3. Marketing
The third major hurdle was breaking into the honey space with a product no one had ever seen before and didn’t quite understand. “Yes, honeycomb existed prior to Pass the Honey,” Raggio said. “But it was never in this format, it was never merchandised in this manner, and it was never communicated to customers.” To overcome this, Raggio hired an agency to get his website set up for launch, “but it was a total dud,” he said. It took three months of barely any sales to realize that the “buy now” button on the site was broken. “For three months people hit ‘buy now’ and were taken to a 404 page,” Raggio said. “It was the biggest deflation for the company.” But this challenge led to one of Raggio’s biggest breakthroughs: “Retail is where we win,” said Raggio. “When customers see it, they buy it… I never intended this to be an e-commerce business.”
4. Enduring
Raggio's fourth hurdle is one no one saw coming: The COVID-19 pandemic. “In the food space, the discovery of new items happens in grocery stores,” Raggio said. In April 2020, Pass the Honey was in the midst of opening retail accounts when the pandemic hit. “Suddenly all new items were on pause,” Raggio said. “Grocery stores were just trying to make sure they had toilet paper on the shelves.” For about two years, Pass the Honey wasn’t able to break into the retail space—and sales were stagnant. Pass the Honey has since landed several retail partnerships that have skyrocketed sales—and Raggio says there are a few more exclusive partnerships on the horizon.

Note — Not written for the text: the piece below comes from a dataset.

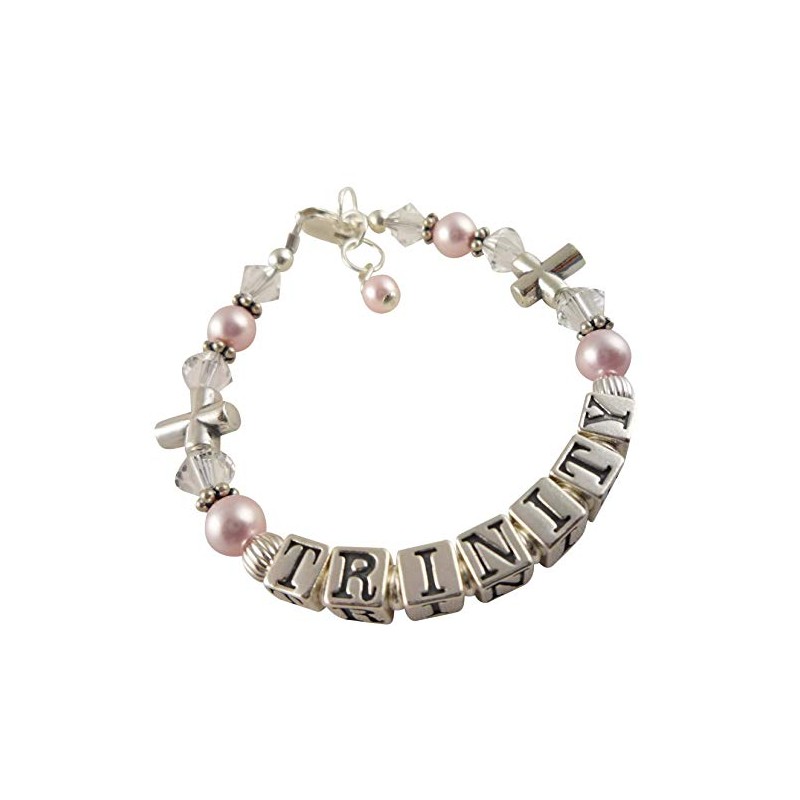 Cross Bead Sterling Silver Name Bracelet in Pink

Good for the earth, good for business
When he looks back on how far the business has come since 2018, it seems a bit unbelievable. After all, Raggio never set out to become a business owner—nonetheless a defender of the bees. “But it fits,” he said. “I get to wake up every morning and solve big problems and work with really smart people… I get pretty jazzed about it.”

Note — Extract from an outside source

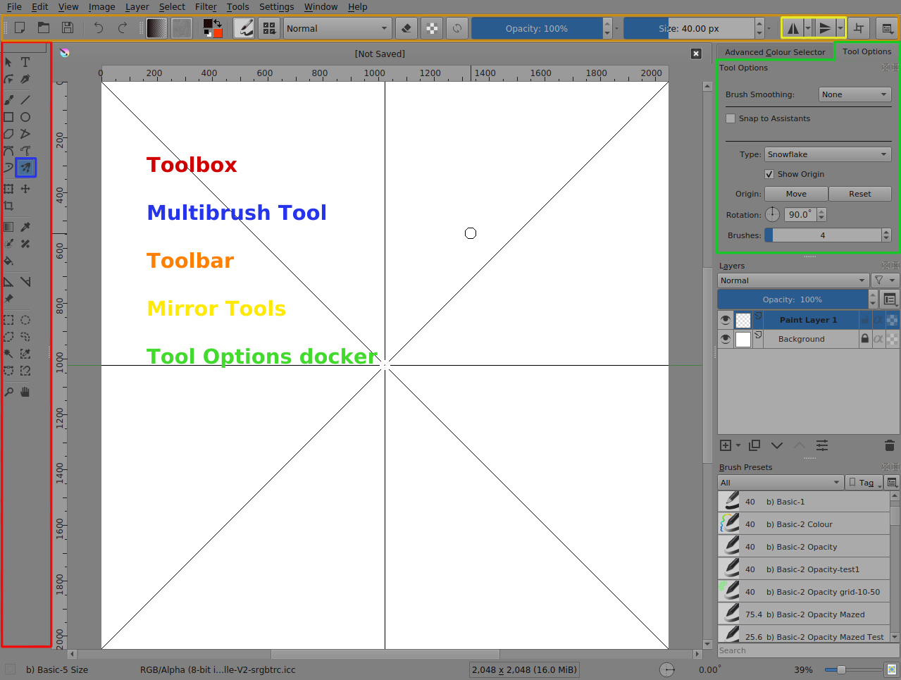 The Horizontal and Vertical Mirror Tool (modes) can also be used with the Multibrush Tool and that really is confusing if you do it, especially if you use the Snowflake Type of Multibrush with offset origins on that and the Horizontal and Vertical Mirror tools as well.

And now, beyond running a successful honeycomb business, he’s on a mission to produce regenerative, clean honey in the United States. And this mission extends far beyond sourcing honeycomb for his own business.
“We want to use bees to create healthy ecosystems, regenerate landscapes, heal the earth, and sequester carbon,” he said. “But also, we want to bring pricing back to where beekeepers can make a living on beekeeping, and make sure the bees are as healthy as possible.”